You are viewing a plain text version of this content. The canonical link for it is here.
Posted to user@nutch.apache.org by Tolga <to...@ozses.net> on 2012/05/23 12:44:32 UTC

Apparently far from last question :)

Hi,

I put the lines <mimeType name="application/x-excel">
<plugin id="parse-tika" />
<plugin id="feed" />
</mimeType>

in parse-plugins.xml, but I still can't crawl xls files. Why is that?

Regards,

Re: Apparently far from last question :)

Posted by Tolga <to...@ozses.net>.
I put that in because I noticed it wasn't crawled. After I put that in, 
it wasn't crawled either.

On 5/23/12 2:05 PM, Lewis John Mcgibbney wrote:
> There is absolutely no requirement to add this configuration to this file.
> If you you look at the XML file in question, one of the first XML
> configuration blocks says
>
> <!--  by default if the mimeType is set to *, or
>          if it can't be determined, use parse-tika -->
> 	<mimeType name="*">
> 	<plugin id="parse-tika" />
> 	</mimeType>
>
> Just remove your unnecessary config and Tika will do the work for you :0)
>
> Lewis
>
> On Wed, May 23, 2012 at 11:44 AM, Tolga<to...@ozses.net>  wrote:
>> Hi,
>>
>> I put the lines<mimeType name="application/x-excel">
>> <plugin id="parse-tika" />
>> <plugin id="feed" />
>> </mimeType>
>>
>> in parse-plugins.xml, but I still can't crawl xls files. Why is that?
>>
>> Regards,
>
>

RE: Apparently far from last question :)

Posted by Markus Jelsma <ma...@openindex.io>.
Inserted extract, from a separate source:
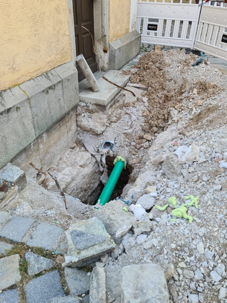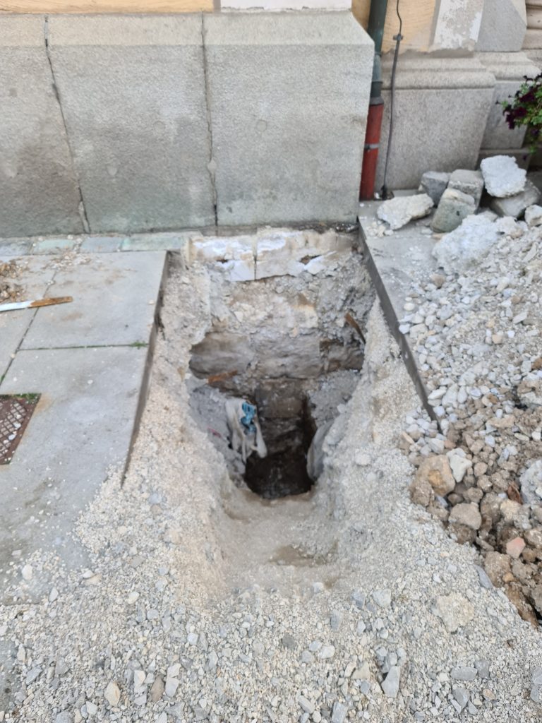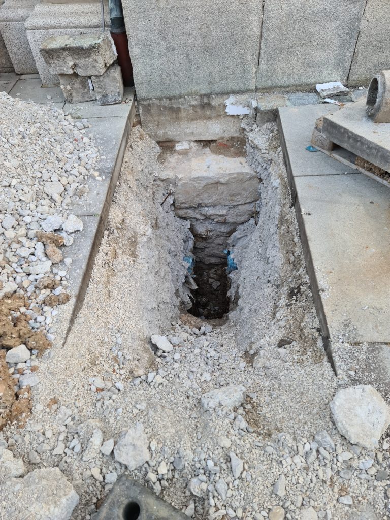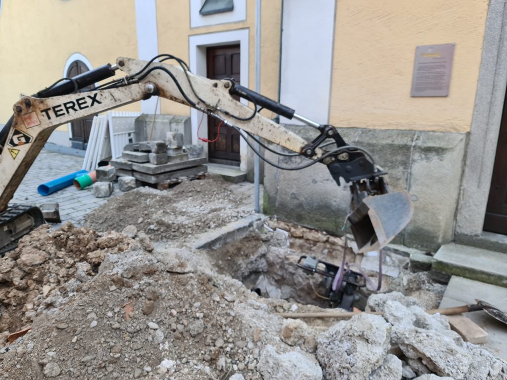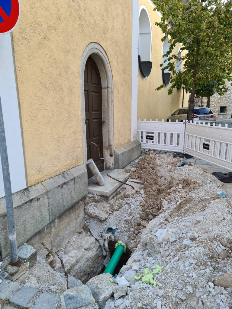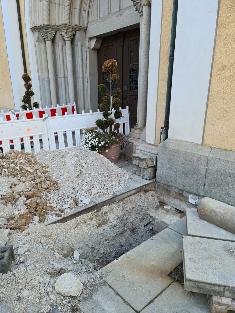 Die Bilder zeigen die Probegrabungen am Fundament der Turmanlage der Vitus-Kirche. Bei den Schürfungen wurde die Standfestigkeit der Türme an sechs Orten geprüft.

 You can inspect the CrawlDB with the readdb tool, check if it's there.
 
-----Original message-----
> From:Tolga <to...@ozses.net>
> Sent: Wed 23-May-2012 14:21
> To: user@nutch.apache.org
> Subject: Re: Apparently far from last question :)
> 
> My colleague has just made me realize something. Is it possible that 
> this xls file wasn't crawled because there isn't a link to it within the 
> website?
> 
> Regards,
> 
> On 5/23/12 2:05 PM, Lewis John Mcgibbney wrote:
> > There is absolutely no requirement to add this configuration to this file.
> > If you you look at the XML file in question, one of the first XML
> > configuration blocks says
> >
> > <!--  by default if the mimeType is set to *, or
> >          if it can't be determined, use parse-tika -->
> > 	<mimeType name="*">
> > 	<plugin id="parse-tika" />
> > 	</mimeType>
> >
> > Just remove your unnecessary config and Tika will do the work for you :0)
> >
> > Lewis
> >
> > On Wed, May 23, 2012 at 11:44 AM, Tolga<to...@ozses.net>  wrote:
> >> Hi,
> >>
> >> I put the lines<mimeType name="application/x-excel">
> >> <plugin id="parse-tika" />
> >> <plugin id="feed" />
> >> </mimeType>
> >>
> >> in parse-plugins.xml, but I still can't crawl xls files. Why is that?
> >>
> >> Regards,
> >
> >
> 

Re: Apparently far from last question :)

Posted by Tolga <to...@ozses.net>.
My colleague has just made me realize something. Is it possible that 
this xls file wasn't crawled because there isn't a link to it within the 
website?

Regards,

On 5/23/12 2:05 PM, Lewis John Mcgibbney wrote:
> There is absolutely no requirement to add this configuration to this file.
> If you you look at the XML file in question, one of the first XML
> configuration blocks says
>
> <!--  by default if the mimeType is set to *, or
>          if it can't be determined, use parse-tika -->
> 	<mimeType name="*">
> 	<plugin id="parse-tika" />
> 	</mimeType>
>
> Just remove your unnecessary config and Tika will do the work for you :0)
>
> Lewis
>
> On Wed, May 23, 2012 at 11:44 AM, Tolga<to...@ozses.net>  wrote:
>> Hi,
>>
>> I put the lines<mimeType name="application/x-excel">
>> <plugin id="parse-tika" />
>> <plugin id="feed" />
>> </mimeType>
>>
>> in parse-plugins.xml, but I still can't crawl xls files. Why is that?
>>
>> Regards,
>
>

Re: Apparently far from last question :)

Posted by Lewis John Mcgibbney <le...@gmail.com>.
There is absolutely no requirement to add this configuration to this file.
If you you look at the XML file in question, one of the first XML
configuration blocks says

<!--  by default if the mimeType is set to *, or
        if it can't be determined, use parse-tika -->
	<mimeType name="*">
	  <plugin id="parse-tika" />
	</mimeType>

Just remove your unnecessary config and Tika will do the work for you :0)

Lewis

On Wed, May 23, 2012 at 11:44 AM, Tolga <to...@ozses.net> wrote:
> Hi,
>
> I put the lines <mimeType name="application/x-excel">
> <plugin id="parse-tika" />
> <plugin id="feed" />
> </mimeType>
>
> in parse-plugins.xml, but I still can't crawl xls files. Why is that?
>
> Regards,



-- 
Lewis